Hari Pendidikan Nasional
(Hardiknas) sejatinya mengenang lahirnya sosok cendekiawan Indonesia dalam
sosok Ki Hadjar Dewantara. Mengupas profil beliau dalam beberapa kajian sejarah
mulai dari tingkat SD hingga Perguruan Tinggi selalu saja teridentikkan dengan
kegigihannya menggiatkan pendidikan di ranah nasional. Tergambarkan bahwa
dirinyalah seorang yang tidak merasa kenal lelah untuk memperjuangkan nasib
rakyat pribumi agar kelak dapat memperoleh asupan didik berkelayakan. Semangatnya
adalah dari keterpanggilan dan kesadaran tentang ketidakadilan mengenai
pendidikan yang sama sekali tidak mereta pada zaman kolonial yang seolah hanya teruntuk
mereka berketurunan Belanda dan segelintir dari orang-orang kaya semata,
sedangkan khalayak pribumi sengaja dibiarkan membuta aksara dan jauh dari
intelektual yang didamba.
Tidak banyak yang tahu tentang tokoh
Pendidikan yang terkenang ini bahwa dirinya terlahir di Yogyakarta tanggal 02
Mei 1889 dengan nama lahir Raden Mas Soewardi Soeryadiningrat. Riwayat pendidikan
yang diecapnya adalah SD ELS kemudian berlanjut ke sekolah Belanda bernama
STOVIA atau Sekolah Dokter Bumi Poetra namun karena mengidap sakit usahanya
tidak sampai pada kelulusan. Pasca dewasa, Ki Hadjar Dewantara yang terkenal
dengan kegemarannya menulis dan membaca menjadi sosok wartawan yang sempat
mengisi kolom Midden Java,Sedyotomo, Oetoesan Hindia, De Express, Kaoem Moeda, Tjahaja
Timoer dan Poesara. Memanfaatkan media tersebut, urgensi pendidikan lantang
disuarakan Ki Hadjar Dewantara. Eksistensi Beliau menuai apresiasi ketika
dirinya diamanahkan mengisi kursi Kabinet Pertama sebagai Menteri Pendidikan
sekaligus pada tahun 1957 mendapatkan gelar kehormatan Doctor Honoris Causa,
Dr. H.C dari Universitas Gadjah Mada (UGM) di Yogyakarta.

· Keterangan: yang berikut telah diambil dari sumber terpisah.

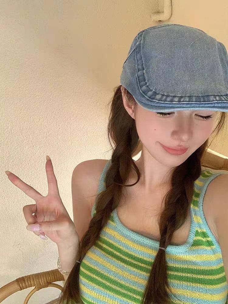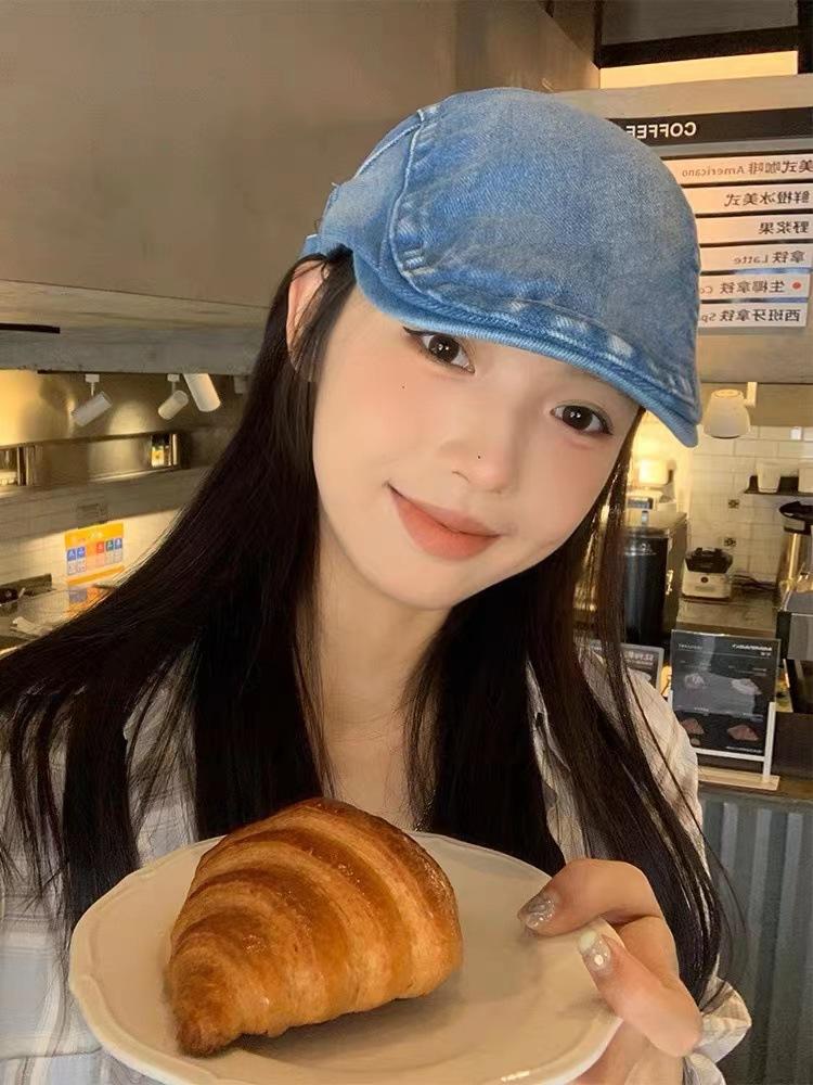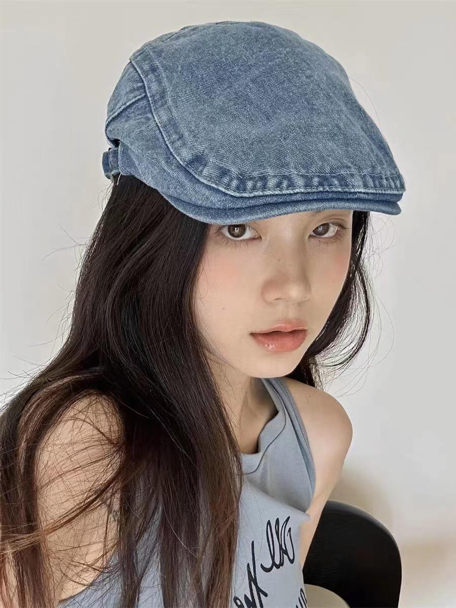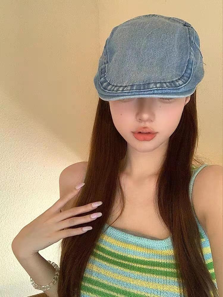 Chica sexy retro callejera americana Sombrero de mezclilla de vanguardia femenino 2023 Nueva boina de pintor uso inverso gorra con visera masculino

Tutup usia di usia 70 tahun, Ki
Hadjar Dewantara meninggalkan bekas jasa yang luar biasa bagi rakyat Indonesia
buah hasil kerja keras rintisannya untuk pendidikan tanah air. Salah satu
filosofi dari hasil karya Beliau sangat populer dan melekat hingga kini sampai
nanti yaitu kutipan “Tut Wuri handayani” yang berarti “Di Belakang Memberikan
Dorongan”. Slogan tersebut menjadi landasan dalam rangka memajukan pendidikan
Indonesia. Penobatan Ki Hadjar Dewantara sebagai bapak Pendidikan Nasional
diresmikan pada tanggal 28 November atas
dasar Surat Keputusan Presiden No. 305 Tahun 1959 lalu kemudian hari kelahiran
Beliau (02 Mei) ditatapkanlah sebagai Hari Pendidikan Nasional Indonesia.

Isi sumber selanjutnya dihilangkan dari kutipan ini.